Our solutions include both theoretical insights and concrete algorithmic adaptations. For example, we introduce a private weighted DP-ERM algorithm (Algorithm 1, Theorem 5) and analyze DP-SGD with weighted cross-entropy (Proposition 6, Lemma 19). We also propose a class-conditional sampling pre-processing approach with private synthetic data (Algorithm 3) and provide extensive empirical evaluations.

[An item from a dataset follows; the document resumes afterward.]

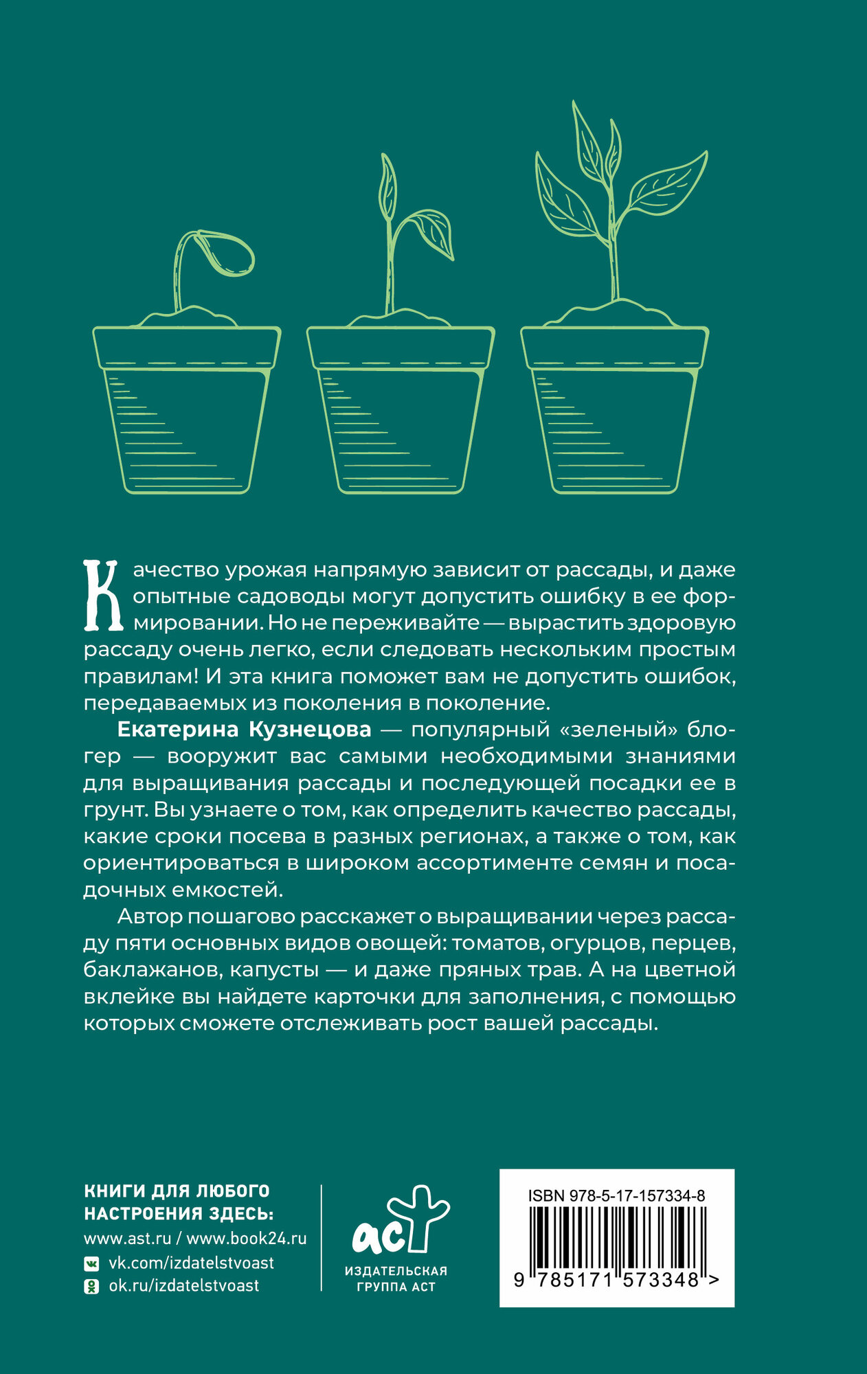 Автор пошагово расскажет о выращивании через рассаду пяти основных видов овощей: томатов, огурцов, перцев, баклажанов, капусты — и даже пряных трав. А на цветной вклейке вы найдете карточки для заполнения, с помощью которых сможете отслеживать рост вашей рассады.

We’d be happy to also adjust the language to clarify these claims.

(W2)...didn't know what was central and main proposition...

Our work does not have a single central theorem; instead, we compare a variety of methodologies for imbalanced classification under differential privacy constraints.

(W3)...Proposition 2 trivial...

We agree, Proposition 2 (regarding the sensitivity amplification via oversampling) is straightforward. We wanted to formalize this intuitive observation to set the stage for the more complex sensitivity analysis in the SMOTE setting (Theorem 5, see Appendix B.1 for proof). We’d be happy to present it informally, inline, so that the central contributions remain emphasized.

(W4)...Theorem 5 is confusing...

Due to space constraints, we deferred much of the discussion and setup for Theorem 5 to Appendix C.3 (in particular, see the paragraph titled “Notation for ERM Proof” and the subsequent Lemma 14, which accounts for the main sensitivity adjustment for weights for privacy). In short, Theorem 5 shows that Algorithm 5 is differentially private. The two paragraphs preceding Theorem 5 respectively provide (1) the notation with discussion of weights, and (2) intuition for how the weights play a role in the proof. We'd be happy to move anything from Appendix C.3 back into the body to make this result more clear.

(W5) (typos)

Thank you for catching the typos - we will correct them in the revised version (e.g., adjust Line 1 in the Algorithm so that yi0, 1y_i \in \\{0,~1\\})

(Q1) [what do we mean by assuming that FP and FN have equal misclassification costs]?

This refers to the common design assumption that the cost of a false positive is identical to that of a false negative. For many applications where imbalanced learning commonly arises, this assumption doesn’t hold. For example, in detecting rare cancers or financial fraud, missing a rare but critical positive event (false negative) might be far more consequential than a false alarm.

(Q2)...privacy loss scale in Lines 78-80?

Certainly. In those lines, we briefly summarize how SMOTE can drastically increase the sensitivity of a downstream DP algorithm. Specifically, by generating multiple synthetic points from a single minority example, the effective privacy parameter ϵ\epsilon is scaled by a factor that is exponential in the data dimension and linear in the number of synthetic points. This means that even if the base algorithm is ϵ\epsilon-DP, applying SMOTE without proper adjustments as a pre-processing step may lead to an effective privacy loss (ϵ\epsilon’) that is substantially higher. See e.g., the scaling and reverse-scaling we give in Table 2.

(Q3) Line 6 in Algorithm 1

Line 6 describes the core optimization of the weighted DP-ERM algorithm: minimizing the weighted empirical risk, which combines the per-sample loss (weighted by class frequency), an objective perturbation noise term, and a regularizer. We would be happy to elaborate on this step (and provide references for its standard use) in the final version for added clarity.

(Q4) (explain Line 1795)?

The privacy guarantees in our algorithm are based on the sensitivity of the per-sample gradient, which is controlled by a clipping step that bounds the norm of each gradient to a fixed constant C. Although re-weighting changes the magnitude of the computed gradients, the subsequent clipping ensures that no individual sample's contribution exceeds C. Thus, the overall sensitivity remains unchanged.

最终决定

This paper initiates an examination of the differential privacy properties of representative pre-processing and in-processing methods for class imbalance learning, with new insights backed up by theoretical and empirical justifications.

The work is well-presented and paves the way for further investigations on private class imbalance learning. All reviewers are on the positive side. In the final paper, authors are encouraged to clarify the issues raised in reviewers, especially regarding the choice of baselines in Table 3 and its implications as suggested by reviewers uyZY/PW3A.